### Supplied material
<<<<

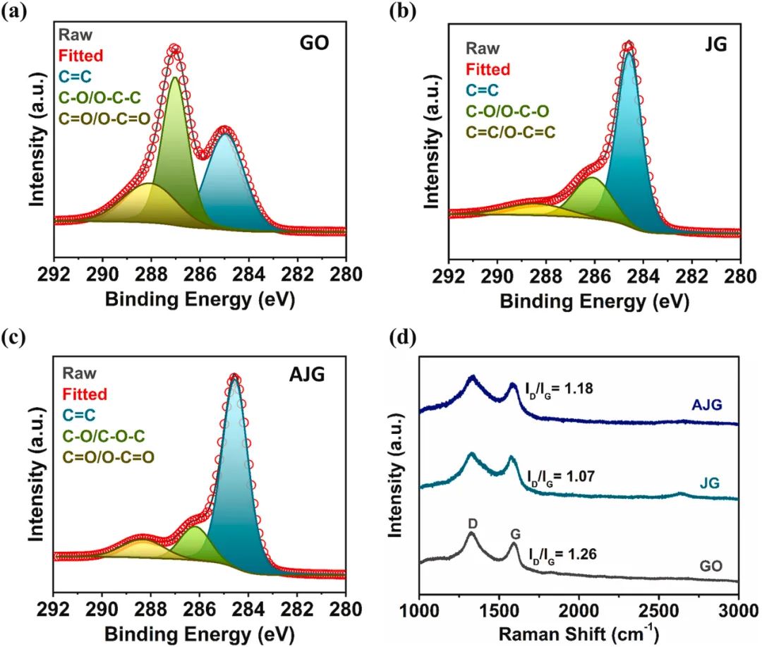 图3通过拉曼光谱和X射线光电子能谱(XPS)分析了不同处理阶段电极表面官能团的性质和石墨结构的修饰。GO、JG和AJG的高分辨率C 1s XPS光谱显示了三个显著的峰,分别对应于sp2碳、羟基/环氧基和羧基。JG中与官能团相关的峰强度显著降低,证实了GO在超快焦耳加热过程中还原为rGO。激活后,AJG中羟基/环氧基峰面积和强度相对于JG有所减少,而羧基峰的强度和面积略有增加,表明在电热KOH激活过程中引入了一些额外的-COOH基团。拉曼光谱显示,经过脉冲焦耳加热处理后,GO的D和G峰位置发生了变化,表明石墨烯结构的成功还原和缺陷的增加,这些缺陷可能与纳米孔的引入有关。
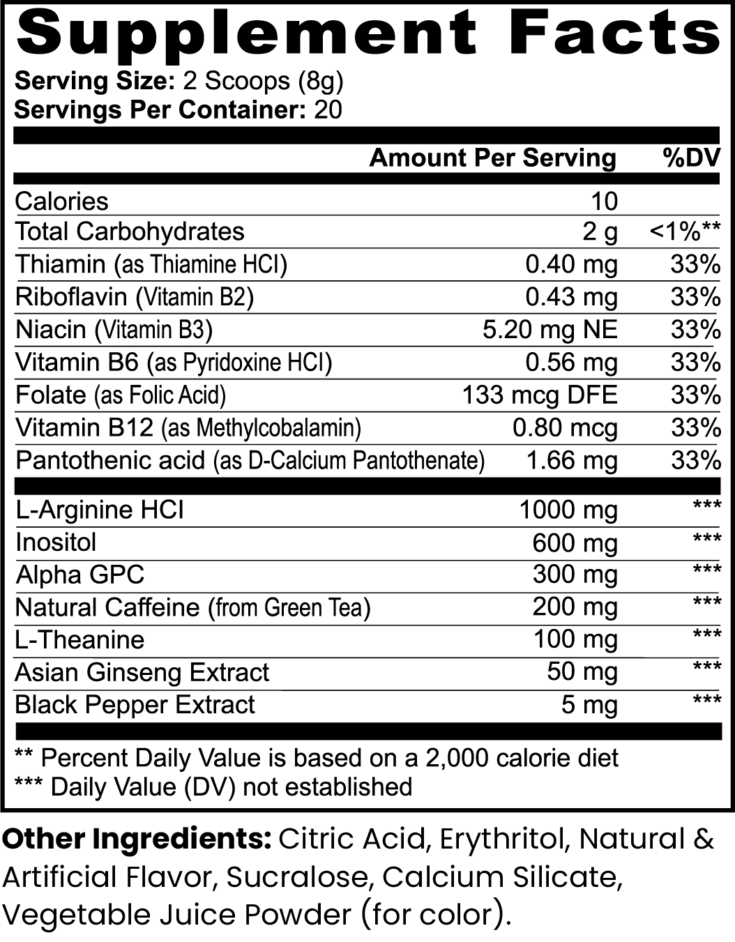Helps maintain focus and concentration with a blend of cognitive-supporting ingredients like Alpha-GPC, L-Theanine, and Natural Caffeine.
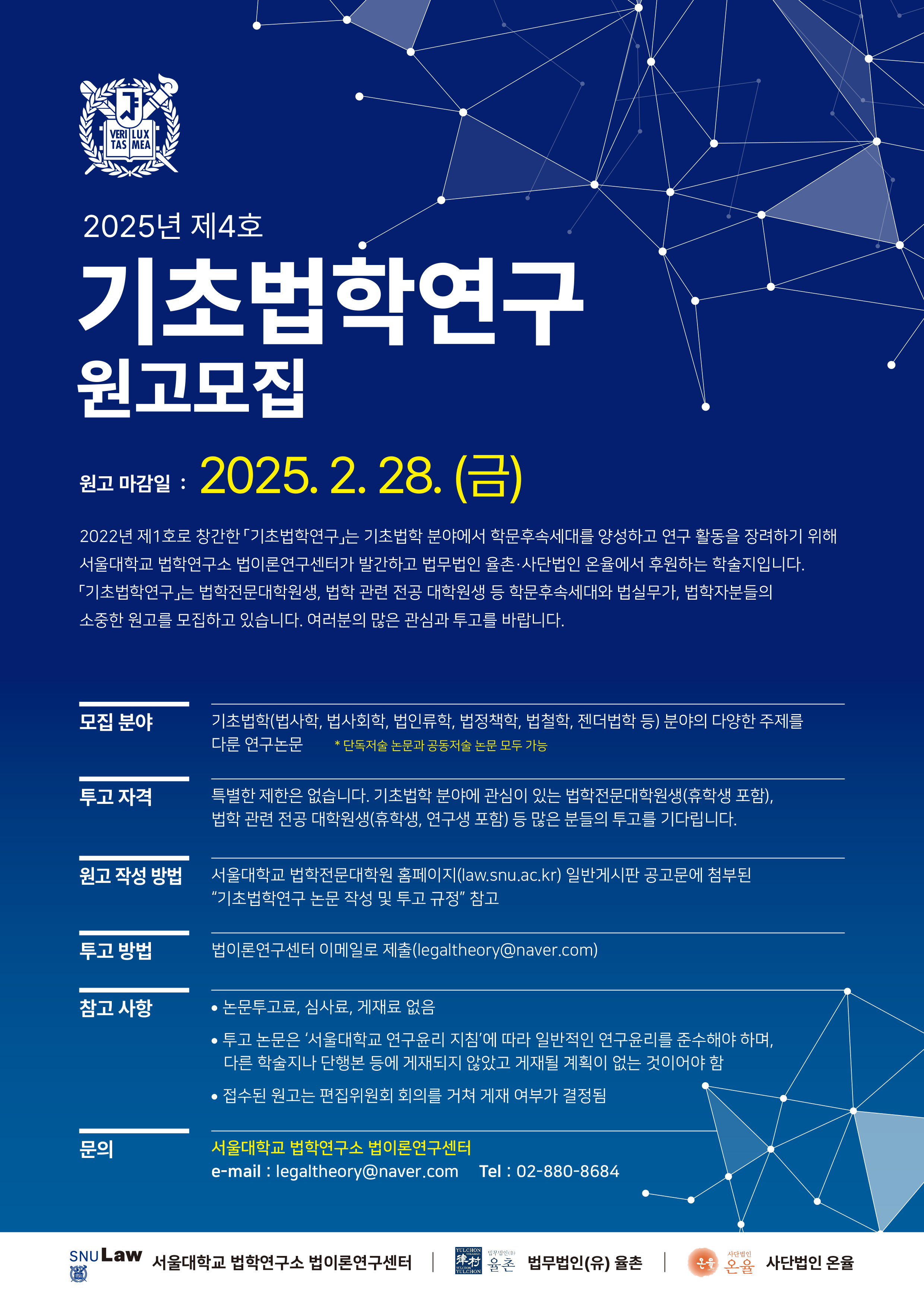[서울대 법이론연구센터] 『기초법학연구』 2025년 제4호 원고 모집 (~2.28)
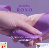 Acima no centro em letras roxas: Janeiro Roxo. Abaixo das mãos em letras brancas: mês dedicado ao combate à hanseníase.

>>>>

### Exercise details
Only the pictures are to be left out; copy all the remaining material above exactly.

### Task output
 图3通过拉曼光谱和X射线光电子能谱(XPS)分析了不同处理阶段电极表面官能团的性质和石墨结构的修饰。GO、JG和AJG的高分辨率C 1s XPS光谱显示了三个显著的峰,分别对应于sp2碳、羟基/环氧基和羧基。JG中与官能团相关的峰强度显著降低,证实了GO在超快焦耳加热过程中还原为rGO。激活后,AJG中羟基/环氧基峰面积和强度相对于JG有所减少,而羧基峰的强度和面积略有增加,表明在电热KOH激活过程中引入了一些额外的-COOH基团。拉曼光谱显示,经过脉冲焦耳加热处理后,GO的D和G峰位置发生了变化,表明石墨烯结构的成功还原和缺陷的增加,这些缺陷可能与纳米孔的引入有关。
Helps maintain focus and concentration with a blend of cognitive-supporting ingredients like Alpha-GPC, L-Theanine, and Natural Caffeine.
[서울대 법이론연구센터] 『기초법학연구』 2025년 제4호 원고 모집 (~2.28)
 Acima no centro em letras roxas: Janeiro Roxo. Abaixo das mãos em letras brancas: mês dedicado ao combate à hanseníase.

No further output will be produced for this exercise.